Results and Analysis
Degree Distribution
The degree distributions of the four networks are illustrated in Figure 1.
The results indicate that while WCN-P is straightforwardly scale-free, the other three networks are ambiguous between power law and two-regime power law distributions. However, goodness-of-fit results show that all four networks are generally scale-free, as indicated by lower SSR and AIC values for the power law models (Table II).
Small-worldness
The clustering coefficients for the four networks are listed in Table III, showing that all four networks possess small-world properties.
Assortativity
The degree assortativity coefficients for the four networks are listed in Table IV. The negative DAC values suggest general disassortativity, with WSN-J being relatively neutral. WCN networks are generally more disassortative than WSN networks for both well-formed and ill-formed data.
Overall Conclusion
Degree Distribution for Networks Based on Ill-formed and Well-formed Data
The study found that the scale-free property is not exclusive to networks derived from ill-formed texts. Judicial judgment data, which is well-formed, also exhibited scale-free properties. This suggests that the scale-free property may be related to the specificity of the texts rather than their well-formedness.
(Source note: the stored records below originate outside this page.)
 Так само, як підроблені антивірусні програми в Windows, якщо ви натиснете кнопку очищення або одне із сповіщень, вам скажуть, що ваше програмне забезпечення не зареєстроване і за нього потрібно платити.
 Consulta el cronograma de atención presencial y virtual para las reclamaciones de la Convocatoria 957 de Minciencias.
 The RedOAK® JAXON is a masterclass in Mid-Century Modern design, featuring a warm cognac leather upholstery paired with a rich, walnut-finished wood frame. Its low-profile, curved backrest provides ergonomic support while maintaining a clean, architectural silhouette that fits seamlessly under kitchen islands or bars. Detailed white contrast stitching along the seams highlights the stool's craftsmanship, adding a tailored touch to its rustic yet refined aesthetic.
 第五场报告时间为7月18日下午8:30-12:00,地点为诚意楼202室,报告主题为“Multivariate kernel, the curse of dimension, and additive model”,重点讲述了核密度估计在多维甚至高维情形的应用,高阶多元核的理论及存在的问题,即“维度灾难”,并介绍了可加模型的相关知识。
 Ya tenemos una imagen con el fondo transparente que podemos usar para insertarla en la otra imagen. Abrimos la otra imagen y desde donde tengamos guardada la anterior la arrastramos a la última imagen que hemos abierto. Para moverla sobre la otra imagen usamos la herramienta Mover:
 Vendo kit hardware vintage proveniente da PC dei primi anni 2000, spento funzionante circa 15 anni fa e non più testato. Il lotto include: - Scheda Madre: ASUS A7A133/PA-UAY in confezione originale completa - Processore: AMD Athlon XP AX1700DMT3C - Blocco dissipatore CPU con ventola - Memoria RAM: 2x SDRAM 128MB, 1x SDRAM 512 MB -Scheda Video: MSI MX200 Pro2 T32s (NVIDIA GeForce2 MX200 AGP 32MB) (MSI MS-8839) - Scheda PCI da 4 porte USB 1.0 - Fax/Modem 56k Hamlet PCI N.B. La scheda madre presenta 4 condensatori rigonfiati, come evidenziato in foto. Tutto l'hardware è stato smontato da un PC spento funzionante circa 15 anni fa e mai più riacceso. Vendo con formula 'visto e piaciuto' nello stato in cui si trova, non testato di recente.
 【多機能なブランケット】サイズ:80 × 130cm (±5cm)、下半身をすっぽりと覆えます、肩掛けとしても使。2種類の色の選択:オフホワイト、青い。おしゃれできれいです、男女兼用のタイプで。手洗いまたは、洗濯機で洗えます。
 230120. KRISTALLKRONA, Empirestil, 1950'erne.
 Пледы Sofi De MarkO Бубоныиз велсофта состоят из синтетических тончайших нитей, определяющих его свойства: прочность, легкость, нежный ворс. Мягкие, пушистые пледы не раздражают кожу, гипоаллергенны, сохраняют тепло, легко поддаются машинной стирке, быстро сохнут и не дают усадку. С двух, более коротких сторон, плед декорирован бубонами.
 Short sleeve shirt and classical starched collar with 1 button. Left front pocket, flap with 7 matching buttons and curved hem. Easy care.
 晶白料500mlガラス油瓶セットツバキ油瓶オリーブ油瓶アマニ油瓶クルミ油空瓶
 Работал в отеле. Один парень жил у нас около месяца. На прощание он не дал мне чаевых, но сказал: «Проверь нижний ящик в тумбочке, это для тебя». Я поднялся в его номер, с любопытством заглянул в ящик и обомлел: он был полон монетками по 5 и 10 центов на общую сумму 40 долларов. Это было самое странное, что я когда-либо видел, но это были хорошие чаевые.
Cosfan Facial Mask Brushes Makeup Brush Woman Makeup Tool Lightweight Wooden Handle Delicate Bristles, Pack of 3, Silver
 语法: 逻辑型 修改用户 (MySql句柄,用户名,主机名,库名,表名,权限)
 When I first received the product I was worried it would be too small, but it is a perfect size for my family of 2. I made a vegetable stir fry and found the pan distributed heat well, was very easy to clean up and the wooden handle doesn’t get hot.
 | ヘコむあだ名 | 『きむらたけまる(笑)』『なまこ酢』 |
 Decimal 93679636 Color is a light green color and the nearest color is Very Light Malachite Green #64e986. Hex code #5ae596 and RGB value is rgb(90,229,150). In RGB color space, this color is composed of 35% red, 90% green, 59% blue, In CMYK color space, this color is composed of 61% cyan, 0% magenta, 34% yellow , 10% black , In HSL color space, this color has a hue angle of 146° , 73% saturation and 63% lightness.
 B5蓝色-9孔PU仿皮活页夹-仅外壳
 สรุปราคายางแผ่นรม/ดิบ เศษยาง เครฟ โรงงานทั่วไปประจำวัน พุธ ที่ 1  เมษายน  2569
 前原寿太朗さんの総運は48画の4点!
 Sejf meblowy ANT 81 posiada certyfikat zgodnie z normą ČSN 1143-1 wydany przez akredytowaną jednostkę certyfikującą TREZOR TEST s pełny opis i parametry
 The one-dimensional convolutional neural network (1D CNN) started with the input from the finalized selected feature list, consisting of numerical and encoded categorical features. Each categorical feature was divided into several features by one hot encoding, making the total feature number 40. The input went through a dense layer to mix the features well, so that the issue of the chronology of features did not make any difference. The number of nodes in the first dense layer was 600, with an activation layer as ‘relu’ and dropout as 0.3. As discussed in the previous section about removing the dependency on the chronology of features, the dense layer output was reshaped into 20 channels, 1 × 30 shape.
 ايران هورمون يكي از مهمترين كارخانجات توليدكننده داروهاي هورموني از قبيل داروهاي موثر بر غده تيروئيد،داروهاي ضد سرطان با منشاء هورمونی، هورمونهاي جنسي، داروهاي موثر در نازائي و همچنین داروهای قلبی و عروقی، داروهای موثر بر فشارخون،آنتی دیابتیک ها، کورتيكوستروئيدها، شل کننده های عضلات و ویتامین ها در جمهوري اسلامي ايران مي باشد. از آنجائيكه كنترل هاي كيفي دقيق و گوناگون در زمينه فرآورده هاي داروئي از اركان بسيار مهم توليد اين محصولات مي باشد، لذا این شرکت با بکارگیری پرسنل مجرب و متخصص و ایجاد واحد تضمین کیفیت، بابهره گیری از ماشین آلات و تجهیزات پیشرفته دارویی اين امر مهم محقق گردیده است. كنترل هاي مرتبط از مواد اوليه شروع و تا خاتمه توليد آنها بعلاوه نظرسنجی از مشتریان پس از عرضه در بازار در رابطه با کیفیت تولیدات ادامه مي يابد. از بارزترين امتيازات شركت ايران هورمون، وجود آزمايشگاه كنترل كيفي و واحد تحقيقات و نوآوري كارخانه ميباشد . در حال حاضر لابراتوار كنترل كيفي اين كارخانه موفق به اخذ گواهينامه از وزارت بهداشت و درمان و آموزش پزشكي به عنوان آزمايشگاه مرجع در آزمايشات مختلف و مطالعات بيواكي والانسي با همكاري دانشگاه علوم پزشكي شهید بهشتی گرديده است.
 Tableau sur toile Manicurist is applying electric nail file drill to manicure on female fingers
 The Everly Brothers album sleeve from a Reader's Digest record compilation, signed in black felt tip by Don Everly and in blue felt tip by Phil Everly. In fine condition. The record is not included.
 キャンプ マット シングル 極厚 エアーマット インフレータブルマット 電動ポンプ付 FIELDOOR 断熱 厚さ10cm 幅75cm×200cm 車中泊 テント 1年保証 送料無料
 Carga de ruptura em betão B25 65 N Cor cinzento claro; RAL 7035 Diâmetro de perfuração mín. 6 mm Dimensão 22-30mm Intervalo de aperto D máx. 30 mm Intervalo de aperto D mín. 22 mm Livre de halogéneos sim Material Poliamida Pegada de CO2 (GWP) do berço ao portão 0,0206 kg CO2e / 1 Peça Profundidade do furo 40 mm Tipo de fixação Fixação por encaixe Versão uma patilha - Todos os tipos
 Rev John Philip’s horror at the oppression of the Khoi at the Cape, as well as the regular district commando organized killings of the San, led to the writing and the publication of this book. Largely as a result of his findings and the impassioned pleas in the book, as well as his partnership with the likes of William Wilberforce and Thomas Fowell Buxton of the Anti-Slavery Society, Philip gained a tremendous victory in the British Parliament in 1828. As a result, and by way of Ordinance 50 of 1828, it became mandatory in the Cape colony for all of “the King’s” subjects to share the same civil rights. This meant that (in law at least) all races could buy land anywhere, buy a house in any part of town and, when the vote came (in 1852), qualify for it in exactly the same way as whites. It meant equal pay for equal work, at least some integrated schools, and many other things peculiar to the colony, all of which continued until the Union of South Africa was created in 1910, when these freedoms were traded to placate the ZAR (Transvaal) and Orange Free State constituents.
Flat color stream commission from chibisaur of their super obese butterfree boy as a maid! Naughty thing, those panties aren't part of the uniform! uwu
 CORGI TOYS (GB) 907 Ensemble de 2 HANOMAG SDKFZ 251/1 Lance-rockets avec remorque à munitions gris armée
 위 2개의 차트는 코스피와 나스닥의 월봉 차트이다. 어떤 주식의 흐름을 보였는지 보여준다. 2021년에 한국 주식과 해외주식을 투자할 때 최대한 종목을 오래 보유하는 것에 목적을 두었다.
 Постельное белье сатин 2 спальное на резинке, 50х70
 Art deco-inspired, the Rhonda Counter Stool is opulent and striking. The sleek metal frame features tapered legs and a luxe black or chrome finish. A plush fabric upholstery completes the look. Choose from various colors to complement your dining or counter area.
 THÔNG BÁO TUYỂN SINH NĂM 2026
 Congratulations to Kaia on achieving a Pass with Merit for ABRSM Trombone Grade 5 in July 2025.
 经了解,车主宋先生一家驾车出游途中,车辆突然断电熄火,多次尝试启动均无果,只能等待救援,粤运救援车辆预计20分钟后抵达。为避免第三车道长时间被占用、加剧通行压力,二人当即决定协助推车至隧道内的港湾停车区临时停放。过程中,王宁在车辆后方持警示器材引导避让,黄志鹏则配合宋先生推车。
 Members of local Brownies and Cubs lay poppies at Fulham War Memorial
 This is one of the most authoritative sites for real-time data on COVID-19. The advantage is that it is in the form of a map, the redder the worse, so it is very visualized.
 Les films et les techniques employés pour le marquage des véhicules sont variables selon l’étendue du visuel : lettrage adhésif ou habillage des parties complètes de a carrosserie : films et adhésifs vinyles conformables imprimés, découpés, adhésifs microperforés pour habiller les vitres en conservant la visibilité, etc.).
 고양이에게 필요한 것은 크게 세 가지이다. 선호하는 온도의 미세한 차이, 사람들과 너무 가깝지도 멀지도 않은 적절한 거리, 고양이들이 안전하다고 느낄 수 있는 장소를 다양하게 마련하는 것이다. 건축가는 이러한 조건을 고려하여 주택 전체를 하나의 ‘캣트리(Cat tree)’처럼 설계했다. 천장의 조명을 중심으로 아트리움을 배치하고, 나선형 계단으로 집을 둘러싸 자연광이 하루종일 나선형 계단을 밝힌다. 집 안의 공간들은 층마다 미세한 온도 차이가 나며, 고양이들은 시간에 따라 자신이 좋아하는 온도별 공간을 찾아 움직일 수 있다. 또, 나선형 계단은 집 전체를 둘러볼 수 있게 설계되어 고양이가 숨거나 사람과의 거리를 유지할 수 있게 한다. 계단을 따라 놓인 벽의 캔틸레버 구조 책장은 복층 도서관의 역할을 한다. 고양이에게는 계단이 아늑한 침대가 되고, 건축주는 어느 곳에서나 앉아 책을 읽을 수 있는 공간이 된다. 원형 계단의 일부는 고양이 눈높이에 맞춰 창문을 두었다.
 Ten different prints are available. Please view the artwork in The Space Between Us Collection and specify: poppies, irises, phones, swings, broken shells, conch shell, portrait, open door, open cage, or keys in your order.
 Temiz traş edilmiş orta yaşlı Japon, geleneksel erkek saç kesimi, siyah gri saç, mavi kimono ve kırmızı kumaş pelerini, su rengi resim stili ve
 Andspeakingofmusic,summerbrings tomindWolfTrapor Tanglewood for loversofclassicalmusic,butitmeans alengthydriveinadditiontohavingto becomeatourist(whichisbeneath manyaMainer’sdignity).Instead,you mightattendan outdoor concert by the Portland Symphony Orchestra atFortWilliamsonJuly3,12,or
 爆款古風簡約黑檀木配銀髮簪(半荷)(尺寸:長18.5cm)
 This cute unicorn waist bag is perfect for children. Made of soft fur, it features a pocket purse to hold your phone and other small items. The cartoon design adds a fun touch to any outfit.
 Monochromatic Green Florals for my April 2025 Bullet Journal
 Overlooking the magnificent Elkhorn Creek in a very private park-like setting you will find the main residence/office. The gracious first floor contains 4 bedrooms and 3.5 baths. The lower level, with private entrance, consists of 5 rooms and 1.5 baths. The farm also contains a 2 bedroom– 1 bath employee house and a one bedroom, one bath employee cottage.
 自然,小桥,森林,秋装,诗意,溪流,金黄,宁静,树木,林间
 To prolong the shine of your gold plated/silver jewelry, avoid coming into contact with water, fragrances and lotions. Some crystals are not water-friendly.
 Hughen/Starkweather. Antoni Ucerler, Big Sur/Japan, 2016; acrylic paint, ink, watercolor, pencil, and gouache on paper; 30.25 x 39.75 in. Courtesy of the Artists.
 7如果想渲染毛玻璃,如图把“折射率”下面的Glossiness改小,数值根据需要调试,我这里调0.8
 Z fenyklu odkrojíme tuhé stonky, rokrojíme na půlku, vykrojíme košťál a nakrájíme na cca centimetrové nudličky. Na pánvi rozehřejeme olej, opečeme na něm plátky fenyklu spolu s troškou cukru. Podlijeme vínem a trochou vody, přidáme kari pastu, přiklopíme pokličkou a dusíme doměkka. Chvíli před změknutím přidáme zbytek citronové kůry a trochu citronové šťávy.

Universality of the Three Parameters
The analysis showed that the structural properties of WCNs and WSNs for Taiwan Mandarin texts are similar to those observed in previous studies on English texts. This indicates that these characteristics are universal across languages and potentially shared among different network types.
Potential Different Tendencies of Word Similarity Networks
While both WCNs and WSNs demonstrated similar properties, WSNs exhibited smaller clustering coefficients and DAC values closer to zero, indicating less significant small-worldness and disassortativity compared to WCNs. Further research is needed to determine whether these discrepancies are consistent across different types of texts.
In summary, this study provides valuable insights into the structural properties of word co-occurrence and word similarity networks for Taiwan Mandarin texts, highlighting the universality of these properties across languages and network types.